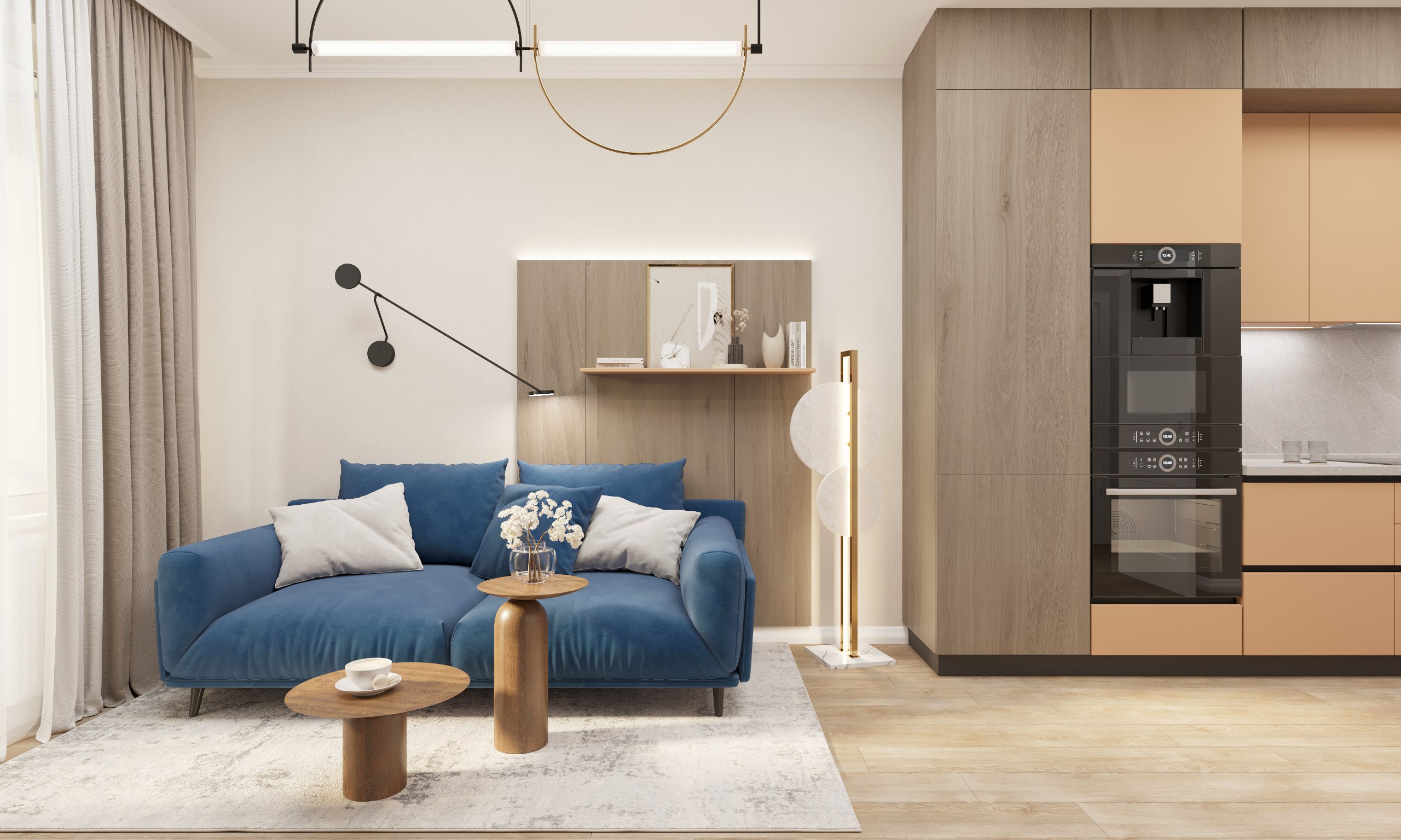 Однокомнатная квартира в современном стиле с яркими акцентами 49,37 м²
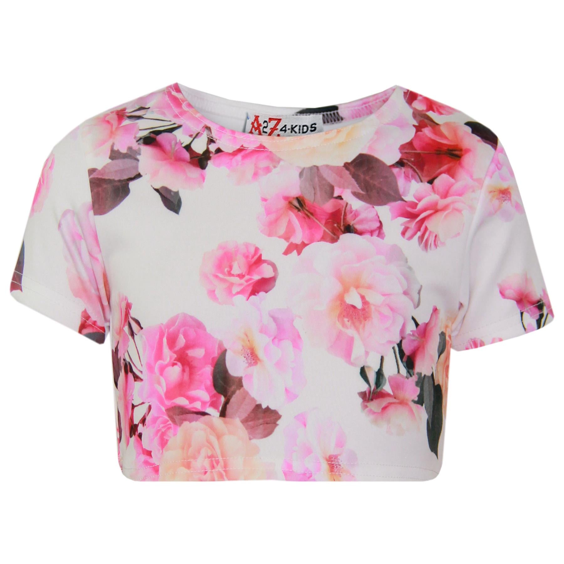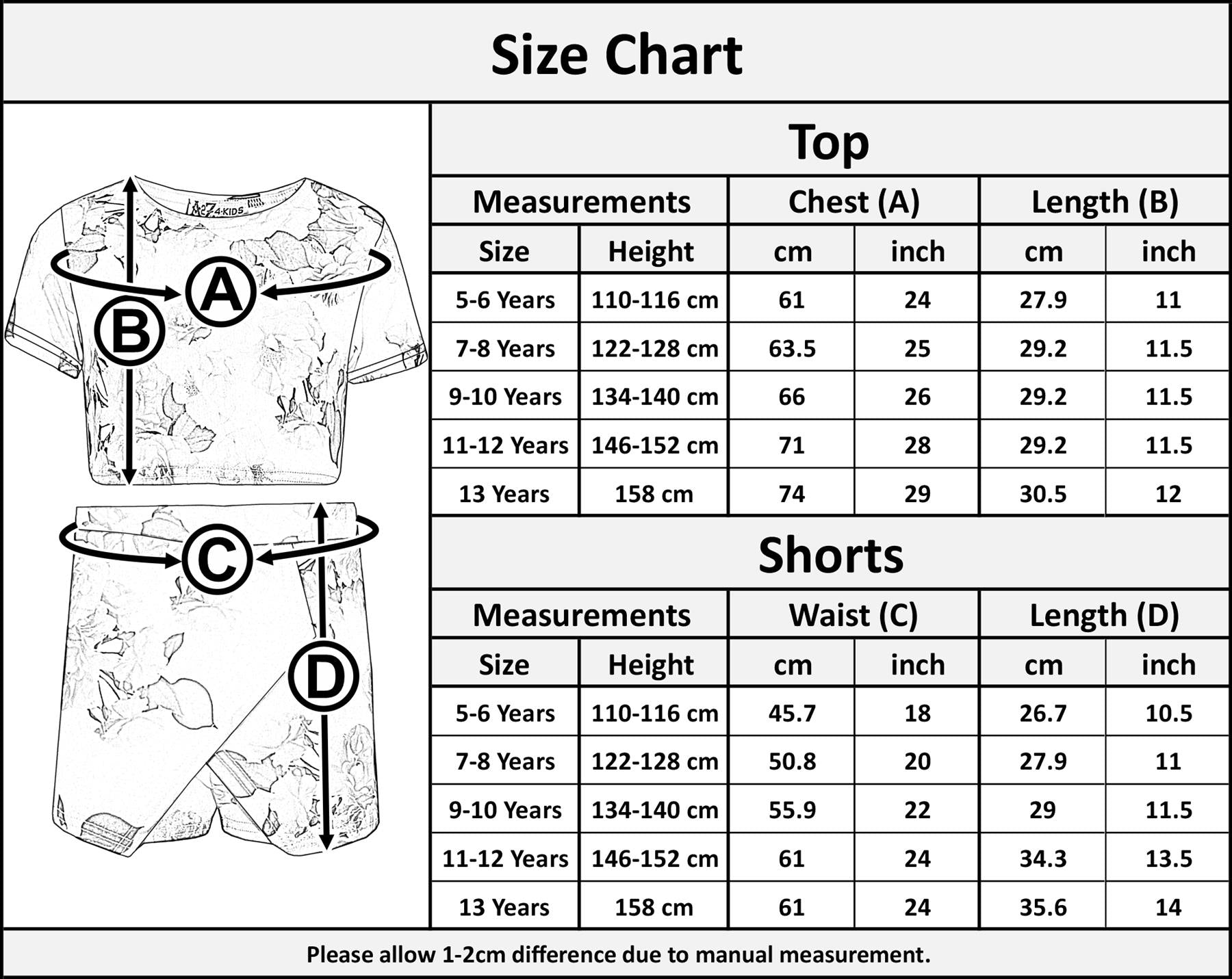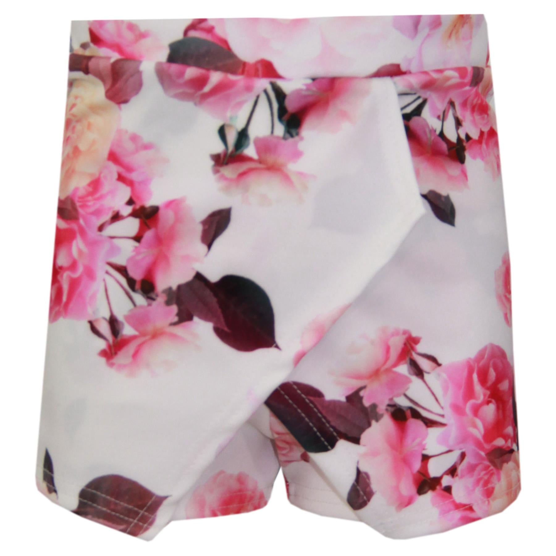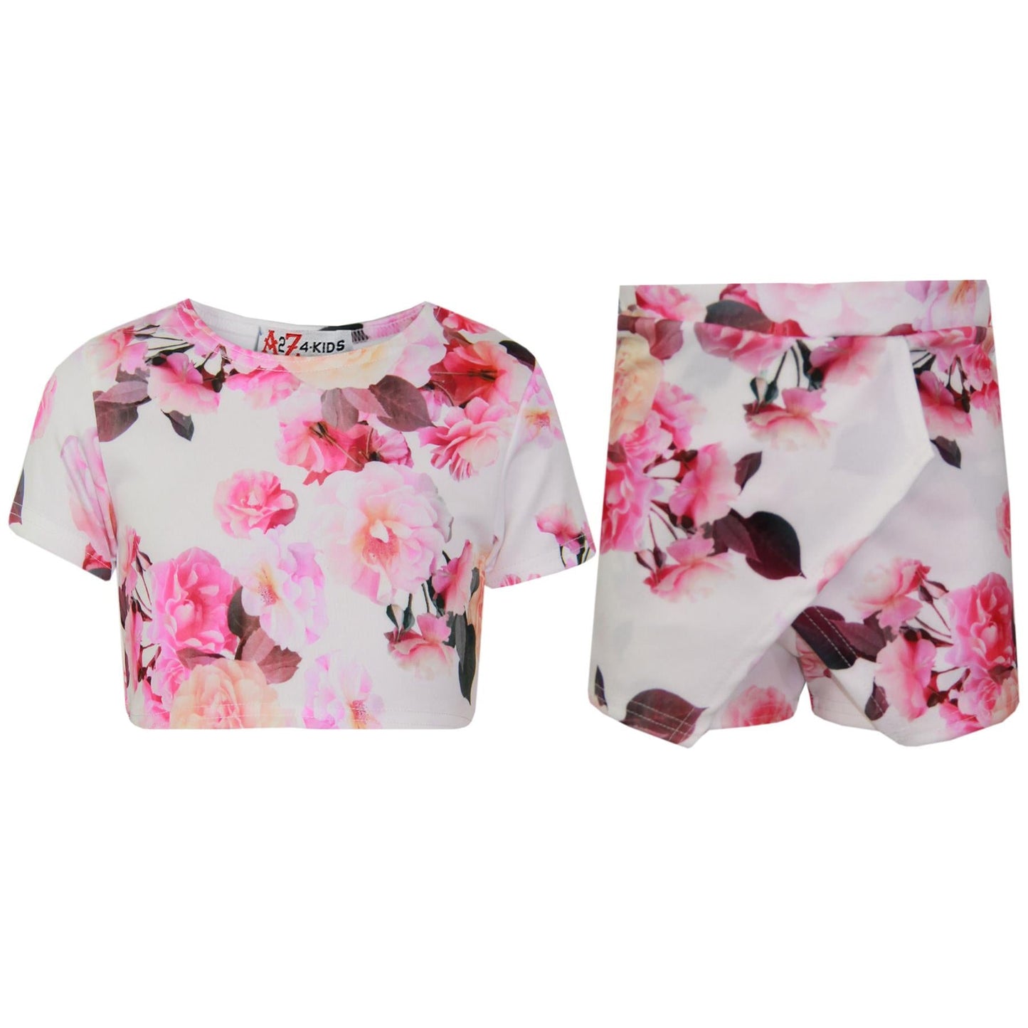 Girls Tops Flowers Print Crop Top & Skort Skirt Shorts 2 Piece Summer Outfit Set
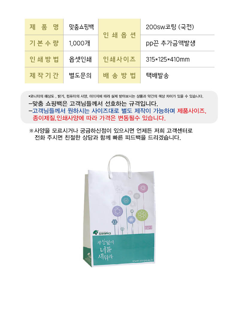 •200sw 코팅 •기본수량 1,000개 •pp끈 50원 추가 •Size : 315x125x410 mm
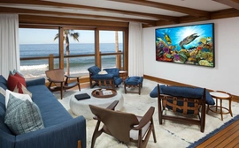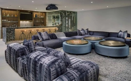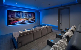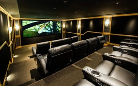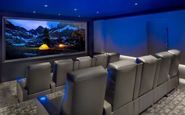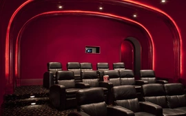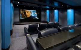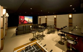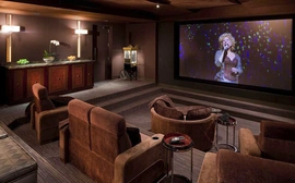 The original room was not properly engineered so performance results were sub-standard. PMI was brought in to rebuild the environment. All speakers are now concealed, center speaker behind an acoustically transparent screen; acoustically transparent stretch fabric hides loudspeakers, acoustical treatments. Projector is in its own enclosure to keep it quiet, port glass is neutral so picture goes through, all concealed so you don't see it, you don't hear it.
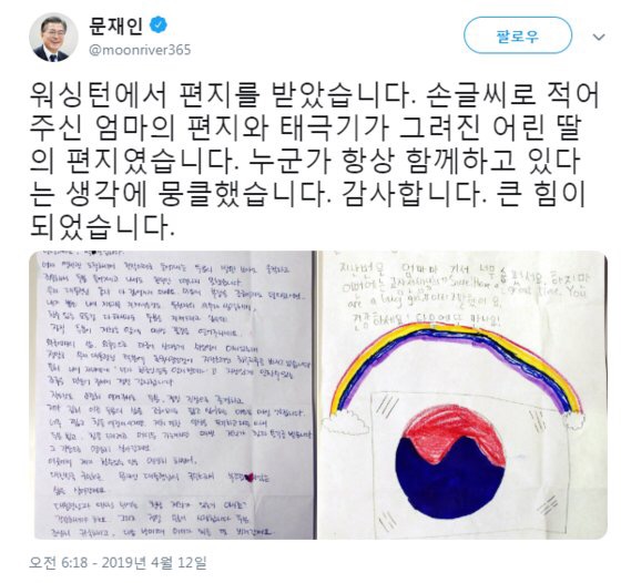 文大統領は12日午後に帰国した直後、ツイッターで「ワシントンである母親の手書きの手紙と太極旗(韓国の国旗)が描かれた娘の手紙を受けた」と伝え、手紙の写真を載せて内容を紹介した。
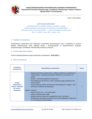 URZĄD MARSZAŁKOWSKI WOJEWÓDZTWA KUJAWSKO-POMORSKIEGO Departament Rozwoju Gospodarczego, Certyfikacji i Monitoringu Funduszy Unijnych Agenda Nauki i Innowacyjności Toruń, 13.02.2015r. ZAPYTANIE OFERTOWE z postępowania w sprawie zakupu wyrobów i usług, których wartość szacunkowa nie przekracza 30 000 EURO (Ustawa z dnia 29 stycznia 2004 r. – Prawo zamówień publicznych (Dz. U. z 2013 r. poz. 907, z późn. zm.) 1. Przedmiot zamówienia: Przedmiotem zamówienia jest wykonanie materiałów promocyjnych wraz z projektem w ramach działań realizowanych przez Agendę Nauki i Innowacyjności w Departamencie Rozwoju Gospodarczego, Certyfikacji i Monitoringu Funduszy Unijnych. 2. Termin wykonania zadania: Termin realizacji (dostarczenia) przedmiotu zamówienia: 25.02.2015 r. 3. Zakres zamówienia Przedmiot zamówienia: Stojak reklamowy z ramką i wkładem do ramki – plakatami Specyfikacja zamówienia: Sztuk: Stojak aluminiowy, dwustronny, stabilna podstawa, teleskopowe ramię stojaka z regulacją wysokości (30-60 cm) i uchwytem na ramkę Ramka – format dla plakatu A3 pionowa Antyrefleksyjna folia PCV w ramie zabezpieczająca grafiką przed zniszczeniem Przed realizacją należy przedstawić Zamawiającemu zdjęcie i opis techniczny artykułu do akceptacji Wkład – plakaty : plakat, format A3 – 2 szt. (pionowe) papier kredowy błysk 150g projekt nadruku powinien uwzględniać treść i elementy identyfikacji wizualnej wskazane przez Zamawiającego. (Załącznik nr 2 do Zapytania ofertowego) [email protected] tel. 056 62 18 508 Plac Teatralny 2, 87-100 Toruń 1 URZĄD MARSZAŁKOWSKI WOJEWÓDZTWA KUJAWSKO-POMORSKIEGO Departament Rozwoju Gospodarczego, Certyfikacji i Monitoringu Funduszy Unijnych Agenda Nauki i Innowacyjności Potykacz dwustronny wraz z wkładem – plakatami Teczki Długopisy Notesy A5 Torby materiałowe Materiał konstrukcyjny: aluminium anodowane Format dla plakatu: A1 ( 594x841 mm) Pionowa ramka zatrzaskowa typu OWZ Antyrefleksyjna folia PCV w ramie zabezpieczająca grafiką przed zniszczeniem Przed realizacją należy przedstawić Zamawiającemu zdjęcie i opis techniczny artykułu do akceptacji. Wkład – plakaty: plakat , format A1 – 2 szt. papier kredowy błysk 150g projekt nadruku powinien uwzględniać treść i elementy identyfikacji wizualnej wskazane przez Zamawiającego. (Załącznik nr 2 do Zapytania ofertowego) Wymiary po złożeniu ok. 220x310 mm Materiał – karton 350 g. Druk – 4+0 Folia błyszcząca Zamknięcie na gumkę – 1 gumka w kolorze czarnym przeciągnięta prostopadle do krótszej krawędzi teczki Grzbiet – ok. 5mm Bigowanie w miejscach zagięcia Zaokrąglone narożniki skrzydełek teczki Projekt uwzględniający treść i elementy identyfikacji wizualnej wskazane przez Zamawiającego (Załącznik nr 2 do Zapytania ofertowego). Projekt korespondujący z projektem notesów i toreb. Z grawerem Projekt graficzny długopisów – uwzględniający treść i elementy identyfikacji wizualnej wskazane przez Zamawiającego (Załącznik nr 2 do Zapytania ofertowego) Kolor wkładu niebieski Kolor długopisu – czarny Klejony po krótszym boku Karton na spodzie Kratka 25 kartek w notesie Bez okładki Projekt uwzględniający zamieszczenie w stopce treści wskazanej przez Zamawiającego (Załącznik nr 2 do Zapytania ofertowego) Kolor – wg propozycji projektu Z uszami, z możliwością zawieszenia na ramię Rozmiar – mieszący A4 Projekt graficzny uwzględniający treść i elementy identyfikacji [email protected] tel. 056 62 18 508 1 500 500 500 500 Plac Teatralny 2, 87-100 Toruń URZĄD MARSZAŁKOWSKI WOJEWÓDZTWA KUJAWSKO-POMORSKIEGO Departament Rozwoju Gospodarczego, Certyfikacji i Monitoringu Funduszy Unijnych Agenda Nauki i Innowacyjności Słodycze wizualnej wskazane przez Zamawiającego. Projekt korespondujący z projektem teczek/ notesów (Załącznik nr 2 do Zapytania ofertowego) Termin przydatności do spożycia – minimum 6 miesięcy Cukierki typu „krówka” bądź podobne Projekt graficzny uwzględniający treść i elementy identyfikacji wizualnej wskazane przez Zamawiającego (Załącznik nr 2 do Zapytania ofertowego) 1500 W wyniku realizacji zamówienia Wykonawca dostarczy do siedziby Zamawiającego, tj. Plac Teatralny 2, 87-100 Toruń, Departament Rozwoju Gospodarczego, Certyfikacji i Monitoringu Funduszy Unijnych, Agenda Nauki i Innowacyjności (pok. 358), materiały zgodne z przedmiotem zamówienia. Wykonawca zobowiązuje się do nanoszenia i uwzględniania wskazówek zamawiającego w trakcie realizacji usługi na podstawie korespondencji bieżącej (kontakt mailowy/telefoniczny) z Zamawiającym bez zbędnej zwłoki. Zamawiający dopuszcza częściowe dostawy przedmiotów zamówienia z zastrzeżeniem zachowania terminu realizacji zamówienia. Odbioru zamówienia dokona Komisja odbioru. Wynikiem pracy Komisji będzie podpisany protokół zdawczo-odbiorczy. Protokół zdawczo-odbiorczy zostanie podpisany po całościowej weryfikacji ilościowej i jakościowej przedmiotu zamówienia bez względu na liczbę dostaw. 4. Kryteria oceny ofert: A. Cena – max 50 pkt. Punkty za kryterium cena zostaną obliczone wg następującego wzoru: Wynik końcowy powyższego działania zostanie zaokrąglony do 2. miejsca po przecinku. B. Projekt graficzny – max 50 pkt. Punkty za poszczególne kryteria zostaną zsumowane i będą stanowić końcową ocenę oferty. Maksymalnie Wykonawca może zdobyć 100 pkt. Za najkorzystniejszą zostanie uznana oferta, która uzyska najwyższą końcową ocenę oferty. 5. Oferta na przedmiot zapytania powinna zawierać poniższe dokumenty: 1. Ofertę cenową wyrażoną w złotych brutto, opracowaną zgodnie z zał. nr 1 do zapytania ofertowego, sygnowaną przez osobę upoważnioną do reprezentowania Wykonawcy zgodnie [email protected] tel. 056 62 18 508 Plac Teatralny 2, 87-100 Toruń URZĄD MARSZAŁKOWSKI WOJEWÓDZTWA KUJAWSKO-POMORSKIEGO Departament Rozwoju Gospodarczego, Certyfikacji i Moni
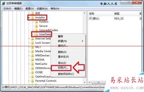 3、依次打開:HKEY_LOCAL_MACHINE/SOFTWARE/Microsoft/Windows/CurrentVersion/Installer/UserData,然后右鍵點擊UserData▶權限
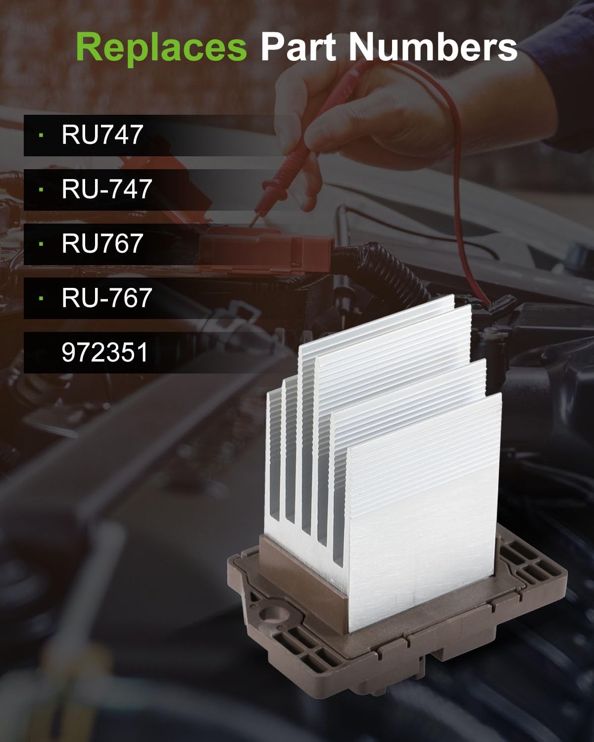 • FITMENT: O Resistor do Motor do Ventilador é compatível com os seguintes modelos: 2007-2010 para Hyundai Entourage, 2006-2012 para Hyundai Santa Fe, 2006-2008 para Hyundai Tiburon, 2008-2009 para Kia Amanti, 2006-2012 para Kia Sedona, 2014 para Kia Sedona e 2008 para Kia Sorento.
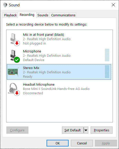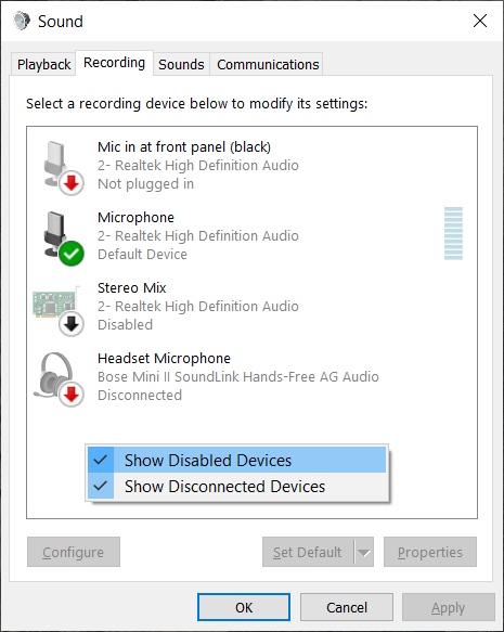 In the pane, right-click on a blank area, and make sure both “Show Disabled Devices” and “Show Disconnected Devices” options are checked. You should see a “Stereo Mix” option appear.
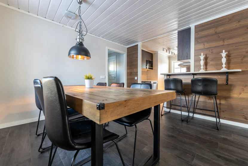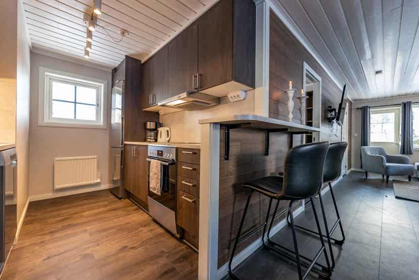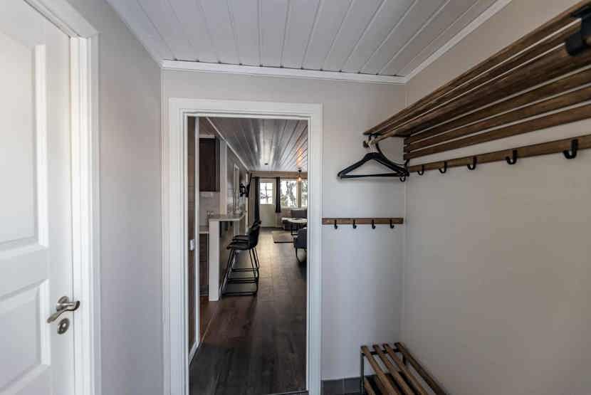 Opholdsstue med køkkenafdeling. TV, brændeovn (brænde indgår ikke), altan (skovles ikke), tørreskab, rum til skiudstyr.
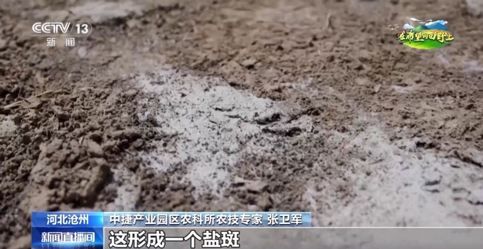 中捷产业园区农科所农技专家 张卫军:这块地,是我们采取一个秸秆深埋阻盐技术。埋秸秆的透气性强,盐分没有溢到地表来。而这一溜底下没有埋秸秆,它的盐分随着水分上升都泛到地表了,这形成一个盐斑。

* * * * *

• **TASK BRIEF**
Find the line with "3、依次打開:HKEY_LO" in the data above, and from there retype each line exactly through the line with "In the pane, right-click", skipping the pictures along the way.

• **ANSWER BOX**
 3、依次打開:HKEY_LOCAL_MACHINE/SOFTWARE/Microsoft/Windows/CurrentVersion/Installer/UserData,然后右鍵點擊UserData▶權限
 • FITMENT: O Resistor do Motor do Ventilador é compatível com os seguintes modelos: 2007-2010 para Hyundai Entourage, 2006-2012 para Hyundai Santa Fe, 2006-2008 para Hyundai Tiburon, 2008-2009 para Kia Amanti, 2006-2012 para Kia Sedona, 2014 para Kia Sedona e 2008 para Kia Sorento.
 In the pane, right-click on a blank area, and make sure both “Show Disabled Devices” and “Show Disconnected Devices” options are checked. You should see a “Stereo Mix” option appear.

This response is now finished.